Yeah. Interesting. Jordan, how politically difficult is it going to be to actually evict residential tenants? I mean, even though you have all the right to, once the moratorium ends, how tough is that going to be from a PR perspective?

Jordan Kaplan, CEO

I don’t think we are going to have very many tenants we are going to need to evict. I mean, first of all, only 4% is not paying, I think most of them are going to pay. I mean, so you are talking about numbers that could be as small as single digits or 10, 20. I mean it’s not a lot.

Bill Crow, Analyst

Yeah. Most of that’s in rent-controlled spots. Is that fair?

Kevin Crummy, CIO

Not necessary.

Jordan Kaplan, CEO

No, I don’t think so.
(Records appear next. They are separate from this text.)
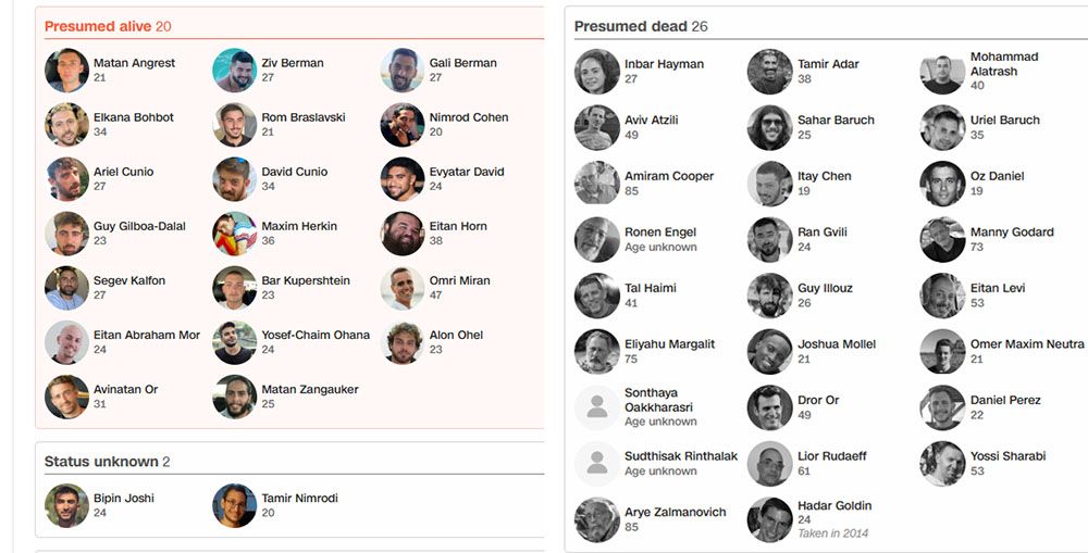 त्यस्तै नेपालका विपिन जोशी र इजरायलका सैनिक तामिर निमरोदीको अवस्था अज्ञात रहेको छ । त्यस्तै हमासले बन्धक बनाएका अन्य २६ जनाको मृत्यु भएको छ ।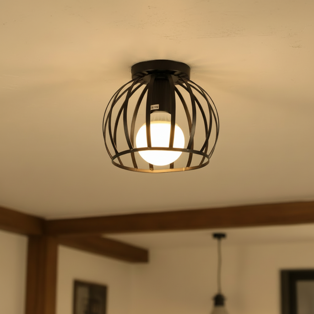 Fitted this vintage semi-flush light in the hallway and the open metal frame adds such a warm, rustic feel. I paired it with an LED E27 bulb and the glow looks spot on. Installation was straightforward and it sits nicely on our lower ceiling.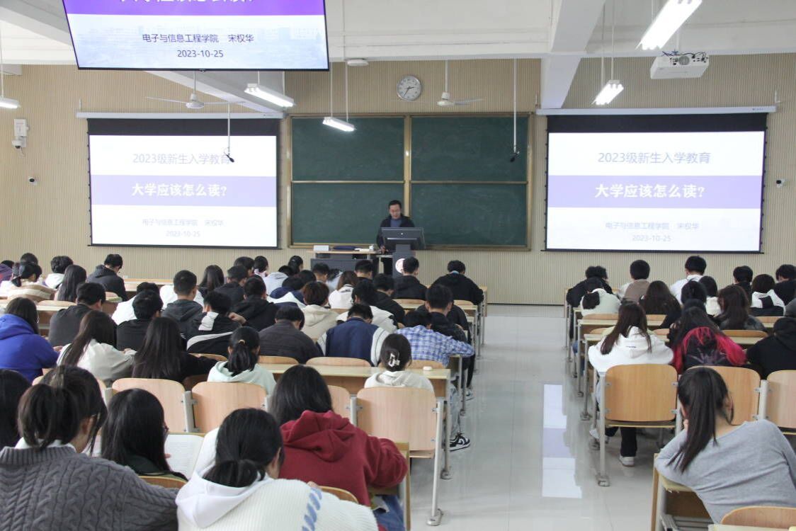 为帮助万象城娱乐awc线路2023级新生更好的适应大学新生活,加强专业认知,培养良好的学习习惯,实现由中学到大学的转变。10月25日下午,电子与信息工程学院副院长宋权华在江北校区1204教室讲授主题为“大学应该怎么读?”新生教育大会,万象城娱乐awc线路2023级全体新生参加。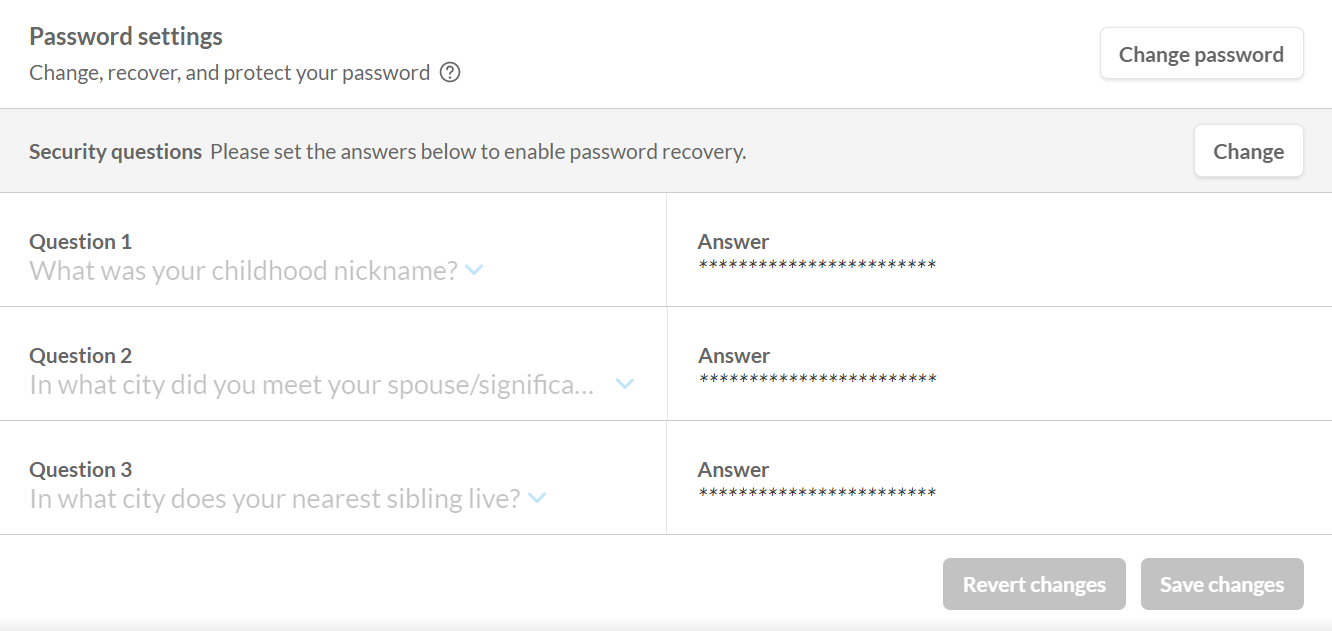 In the password settings menu, you can also set and change your security questions (you are prompted to answer your security questions via email if you click Forgot Password on Client Portal’s sign-in page).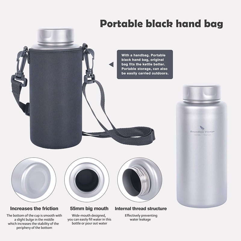 คุณสมบัติ: 1. ไทเทเนียมเกรดพรีเมี่ยมทำจากไทเทเนียมเกรดพรีเมี่ยมมีน้ำหนักเบาทนทานและแข็งแรง ไทเทเนียมไม่ทำปฏิกิริยากับเครื่องดื่มไม่มีโลหะหนักตกตะกอนและคงรสชาติของเครื่องดื่มไว้ 2. ความจุ 1 ลิตรสามารถตอบสนองความต้องการของน้ำดื่มกลางแจ้ง น้ำหนักเบาและทนต่อ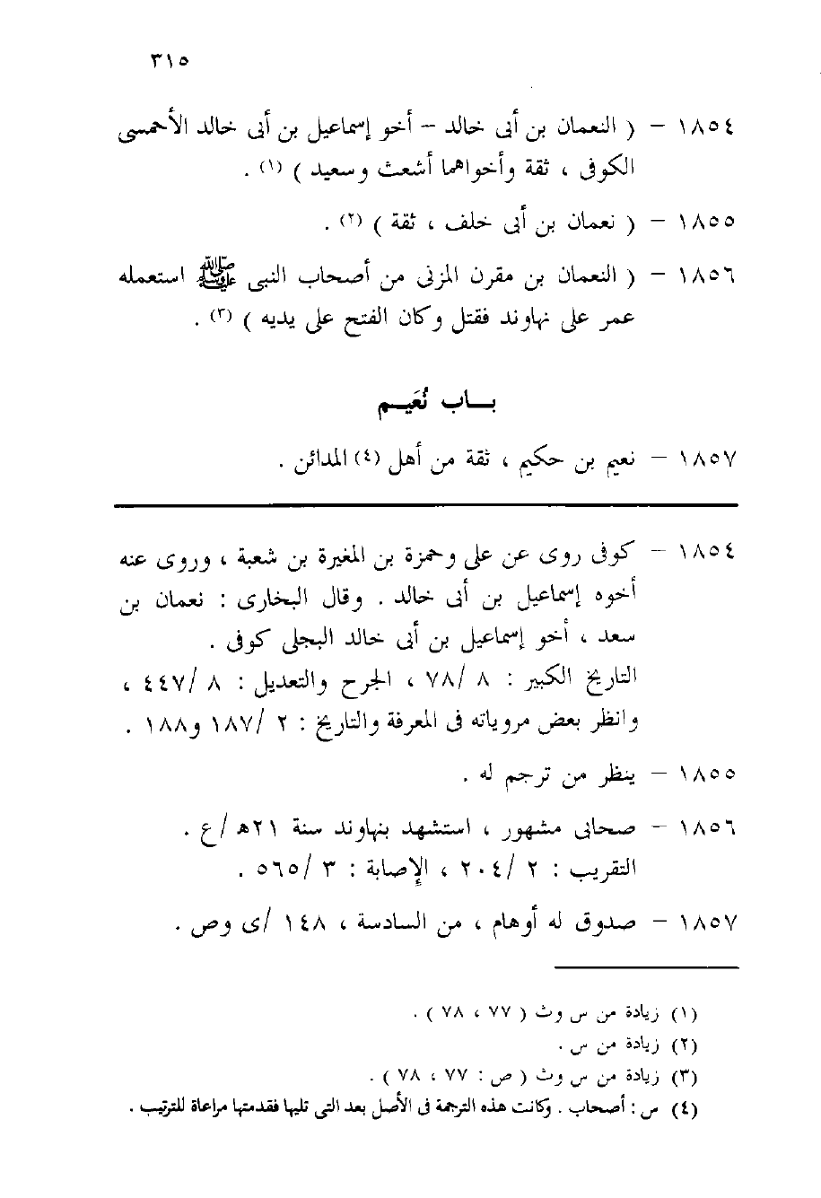 1854 - النُّعْمَان بن أبي خَالِد أَخُو إِسْمَاعِيل بن أبي خَالِد الأحمسي الكوفى ثِقَة وأخواهما أَشْعَث وَسَعِيد

The instances I observed were not from businesses run by rent-controlled individuals; they were instead from those in nice places who faced unexpected challenges with their business or engaged in risky strategies, and now we're left uncertain about the situation and unable to reclaim the space.

Bill Crow, Analyst

Yeah. All right. Appreciate the insights.

Jordan Kaplan, CEO

All right.

Operator, Operator

And this will conclude our question-and-answer session. I’d like to turn the conference back over to Jordan Kaplan for any closing remarks.

Jordan Kaplan, CEO

Well, thank you all for joining us and we will speak with you again next quarter.

Operator, Operator

The conference is now concluded. Thank you for attending today’s presentation. You may now disconnect your lines at this time.